One thread handling all requests (defeats the purpose of a thread if 500 clients are logged in)
One thread per user (which is risky to create 1 thread for each of the 500 clients)
Pool of threads which divide the work evenly for any number of clients (What I'm seeking)
The third one is what I'd like to know. This consists of a setup like this:
Maximum 250 threads running at once
500 clients will not create 500 threads, but share the 250
A Queue of requests will be pending to be passed into a thread
A thread is not tied down to a client, and vice-versa
Server decides which thread to send a request to based on activity (load balance)
I'm currently not seeking any code quite yet, but information on how a setup like this works, and preferably a tutorial to accomplish this in Delphi (XE2). Even a proper word or name to put on this subject would be sufficient so I can do the searching myself.
EDIT
I found it necessary to explain a little about what this will be used for. I will be streaming both commands and images, there will be a double-socket setup where there's one "Main Command Socket" and another "Add-on Image Streaming Socket". So really one connection is 2 socket connections.
Each connection to the server's main socket creates (or re-uses) an object representing all the data needed for that connection, including threads, images, settings, etc. For every connection to the main socket, a streaming socket is also connected. It's not always streaming images, but the command socket is always ready.
The point is that I already have a threading mechanism in my current setup (1 thread per session object) and I'd like to shift that over to a pool-like multithreading environment. The two connections together require a higher-level control over these threads, and I can't rely on something like Indy to keep these synchronized, I'd rather know how things are working than to learn to trust something else to do the work for me.

IOCP server. It's the only high-performance solution. It's essentially asynchronous in user mode, ('overlapped I/O in M$-speak), a pool of threads issue WSARecv, WSASend, AcceptEx calls and then all wait on an IOCP queue for completion records.

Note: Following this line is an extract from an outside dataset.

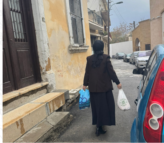
Bir kapı daha çalındı, Bir ev daha bayram etti.

When something useful happens, a kernel threadpool performs the actual I/O and then queues up the completion records.
You need at least a buffer class and socket class, (and probably others for high-performance - objectPool and pooledObject classes so you can make socket and buffer pools).

500 threads may not be an issue on a server class computer. A blocking TCP thread doesn't do much while it's waiting for the server to respond.
There's nothing stopping you from creating some type of work queue on the server side, served by a limited size pool of threads. A simple thread-safe TList works great as a queue, and you can easily put a message handler on each server thread for notifications.
Still, at some point you may have too much work, or too many threads, for the server to handle. This is usually handled by adding another application server.
To ensure scalability, code for the idea of multiple servers, and you can keep scaling by adding hardware.
There may be some reason to limit the number of actual work threads, such as limiting lock contention on a database, or something similar, however, in general, you distribute work by adding threads, and let the hardware (CPU, redirector, switch, NAS, etc.) schedule the load.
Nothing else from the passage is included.